Я научился любить книжнецов, как любил своих сородичей-драконгорцев. Возможно, даже чуть больше, ведь они так трогательно и заботливо относились ко мне. Книжнецы искали моего общества, поскольку в их глазах я был настоящим писателем или даже существом еще более интересным: тем, кто только хочет им стать, — уже готовых у них имелось в достатке. И каждый цеплялся за шанс внести свой вклад в формирование творческой личности, оказать прямое влияние на ее становление. В одночасье у меня оказалось сотни одноглазых крестных во литературе, которые самоотверженно обо мне заботились. И, как мой наставник Данцелот Один, без устали давали мне всевозможные советы относительно будущих произведений. Эти советы разнились так же, как сами книжнецы:
«Никогда не пиши роман от имени дверной ручки!»
«Иностранные слова называются так потому, что большинству читателей они незнакомы!»
«Не вставляй в одну фразу слов больше, чем для них есть места».
«Если точка подобна стене, то двоеточие — двери».
«Прилагательное — естественный враг существительного».
«Если пишешь во хмелю, то перед тем, как отдать в печать, перечитай написанное на трезвую голову».
«Пиши с жаром, тем самым повествование польется рекой, чтобы его остудить».
«Примечания — как книги на самой нижней полке. Никто их не любит, так как чтобы прочесть, приходится нагибаться».
«В одной отдельно взятой фразе не должно быть больше миллиона муравьев, пусть даже она — из научного труда о муравьях».
«Сонеты лучше всего писать на папиросной бумаге, а новеллы — на пергаменте».
«После каждой третьей фразы делай глубокий вдох».
«В жанре хоррор лучше всего пишется с мокрой тряпкой на загривке».
«Если какая-нибудь фраза напоминает тебе хобот слона, который пытается поднять орех, то лучше ее перекроить».
«Заимствовать у одного писателя — кража, у многих — сбор материала».
«Толстые книги потому толстые, что у автора не было времени выражаться короче».

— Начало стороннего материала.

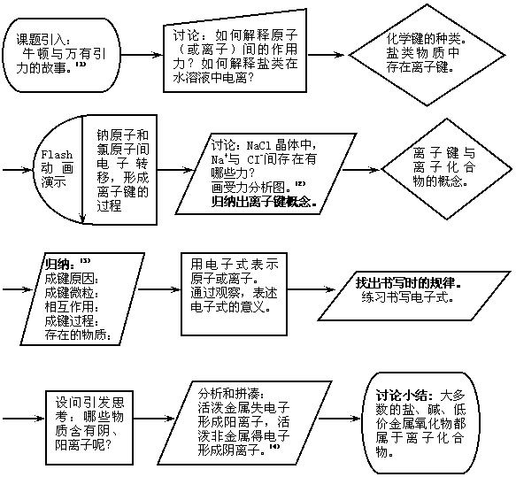 离子键是比较抽象的概念,无法用直观的观察和实验获得感性认识,因此对学生的思维提出较高的要求,需要通过讨论、归纳,将新知识与已有知识联系起来,在头脑中形成清析的印象,完善知识体系。幸而,多媒体技术在教授抽象知识的过程中,起到较好的效果,可以运用动画模拟、用图示辅助学习,在教学过程中适当运用多媒体会起到事半功倍的效果。

На меня сыпался беспрестанный дождь доброжелательных рекомендаций, пояснений к тем или иным приемам и техникам, которые я все пытался заучить, но в памяти остались лишь самые очевидные. Довольно часто советы противоречили друг другу, и нередко вокруг меня вспыхивали дискуссии между двумя и больше книжнецами, обменивавшихся стрелами цитат.
Я стал новым смыслом жизни циклопчиков, живым подтверждением всех их трудов, в особенности их культа заучивания наизусть. На меня можно было изливать все, что в них накопилось. А они были твердо уверены, что их советы ложатся на благодатную почву и однажды дадут богатые всходы в виде романов, стихотворений и всего прочего, что я когда-нибудь выплесну на бумагу.
Стоило мне, зевая, выбраться из гамака, как по пятам за мной уже ходил книжнец, чтобы разбудить меня какой-нибудь лихой строфой: «Лентяй один не знает лени, / На помощь только враг придет, / И постоянство лишь в измене. / Кто крепко спит, тот стережет, / Дурак нам истину несет, / Труды для нас — одна забава, / Всего на свете горше мед…»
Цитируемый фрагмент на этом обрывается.